Netflix, de son côté, a connu le chemin inverse. La plateforme avait négocié dès 2022 un accès à 15 mois grâce à ses engagements financiers. Mais l’accord qui lui permettait de se situer avant les autres plateformes est arrivé à expiration le 31 décembre 2025 et n’a pas été renouvelé : elle se trouve donc au niveau des autres services, avec une fenêtre à 17 mois. ce n’est pas Netflix qui traîne des pieds par mauvaise volonté : c’est l’absence de nouvel accord signé qui la fait automatiquement retomber sur le délai plancher prévu par le texte homologué. Le groupe est allé jusqu’à contester ce cadre juridique devant le Conseil d’État en avril 2025, preuve que le sujet reste hautement conflictuel entre plateformes et représentants du cinéma français.

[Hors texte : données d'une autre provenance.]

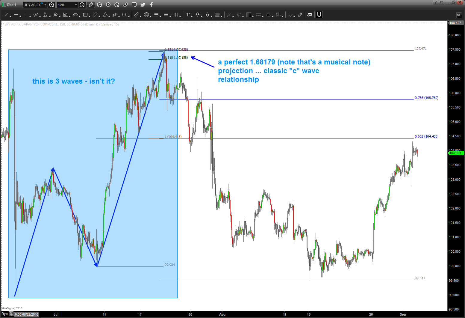 Here’s what I DO NOT like ... I DO NOT LIKE that the rally UP has been a clear three waves …so, crap that says one more low on the USD vs JPY. SO I WAIT … WHAT AM I MISSING HERE? 🙂
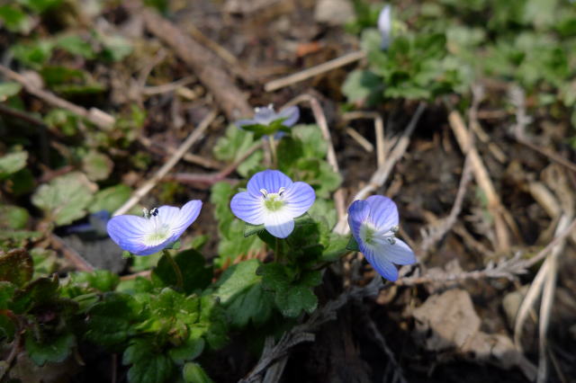 東日原に下りると、スミレが花を咲かせオオイヌノフグリが群れていた。春は確実に近づいている。心配していた燃料不足によるバスの運休もなく、無事奥多摩駅まで行くことができた。駅で新聞や飲み物を調達し電車に乗ろうとしたとき、駅で手にしたパンフレットを落としたが気付かなかった。女性の車掌さんが「落し物ですよ。」と言ってパンフレットを拾って、手で拭ってから手渡してくれた。奥多摩からのJR青梅線は、今日は計画停電の影響で16時30分から22時まで運休との車内アナウンスがあった。
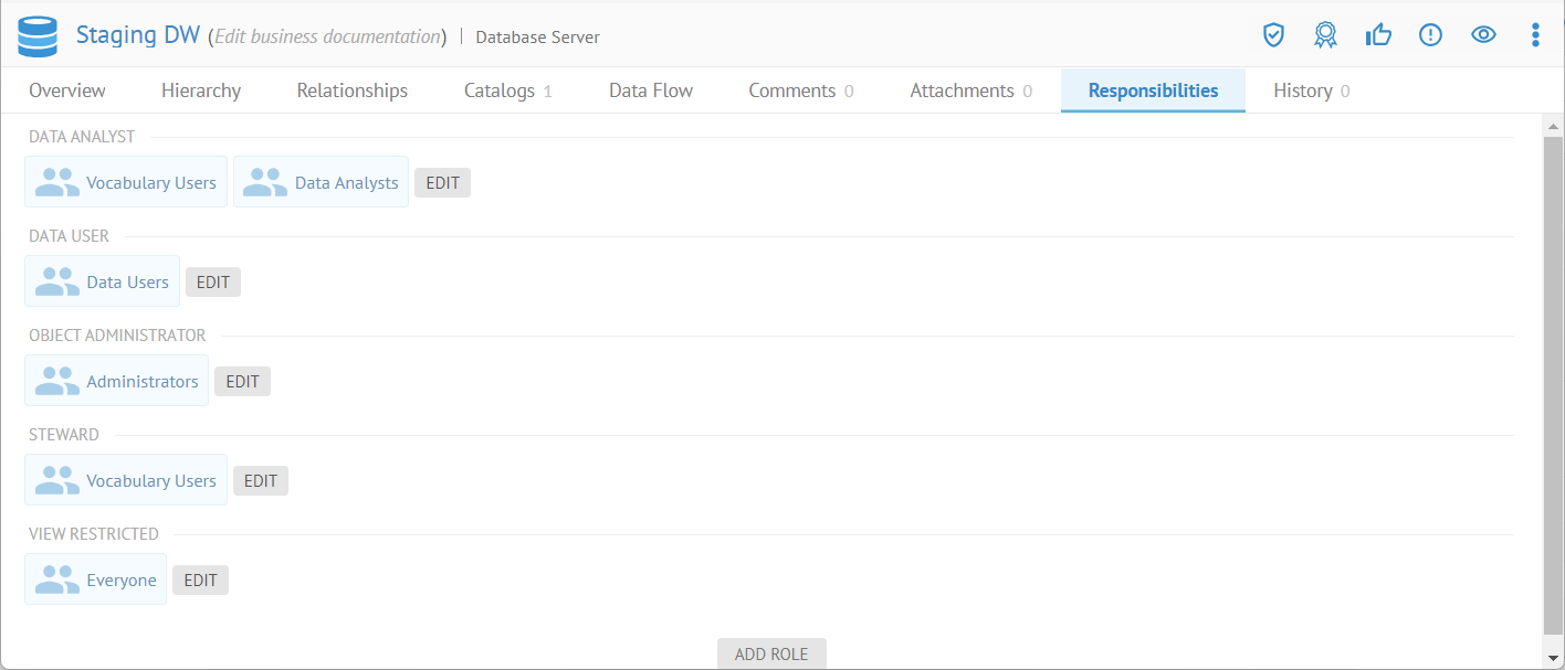 You may edit the object role responsibility assignments for multiple items in a worksheet. To do so, select multiple items and right-click one and select Edit Responsibilities.
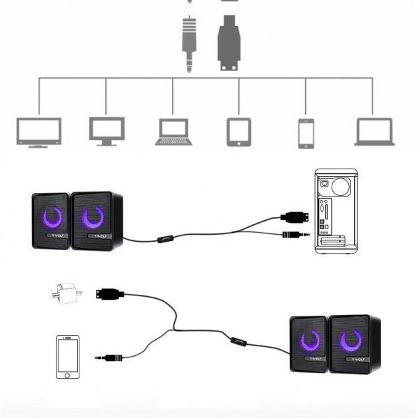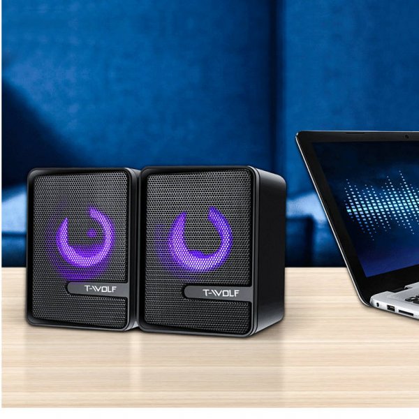 Lautsprecher Stereo Subwoofer Audio 3.5 mm AUX Klinke mit RGB LED in Schwarz
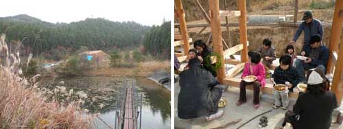 最後は工事中の研修棟をバックに記念写真です。子どもたちも目いっぱい遊んだから、疲れたことでしょう。今回のイベントは、もともと子ども連れの家族をターゲットにということで企画されたようですが、大人たちの方が多く、子どもたちにはちょっとハードだったような気がしました。もう少し子どもたちをたくさん呼んで、子どもたちと一緒に遊べる内容でまたやって欲しいです。来年からは研修棟もちゃんと使えるしね。みなさん、お疲れさまでした!
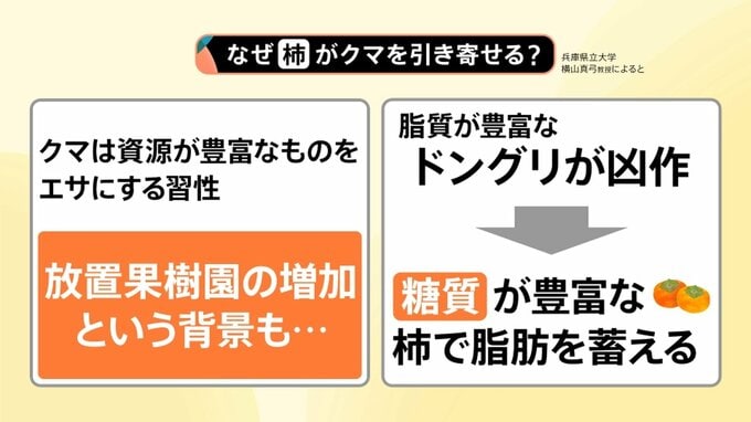 さらに、脂質が豊富なドングリが凶作ななか、クマは糖質が豊富な柿を食べることによって脂肪を蓄えているのではないかという分析もあります。

Pourquoi personne ne raccourcit ces délais du jour au lendemain

Ce système protège d’abord un maillon fragile : la salle de cinéma. L’exclusivité initiale garantie aux salles vise à préserver leur fréquentation face à la concurrence directe du streaming à domicile. Ensuite, cette chronologie sert de levier de financement : sans engagement d’investissement dans la création française, pas d’accès anticipé. C’est ce donnant-donnant qui explique pourquoi Disney+ a accepté de payer davantage pour diffuser plus vite, quand Netflix a préféré ne pas prolonger son engagement financier et se retrouve, du coup, avec un délai plus long.

Le tableau actuel ressemble donc à un jeu à plusieurs vitesses : Canal+ à 6 mois, Disney+ à 9 mois, puis Netflix et Prime Video à 17 mois. Rien d’immuable pour autant : chaque accord a une durée limitée, généralement autour de trois ans, et se renégocie régulièrement sous l’égide du CNC. Le cas Netflix illustre bien cette instabilité : un géant du streaming peut gagner deux mois de délai en 2022, puis les reperdre quatre ans plus tard, simplement parce qu’aucun nouveau texte n’a été signé à temps. La prochaine fois qu’un film tarde à arriver sur votre plateforme préférée, la vraie question à se poser n’est pas « pourquoi ils traînent », mais « ont-ils signé, ou pas, l’accord qui aurait pu accélérer les choses ».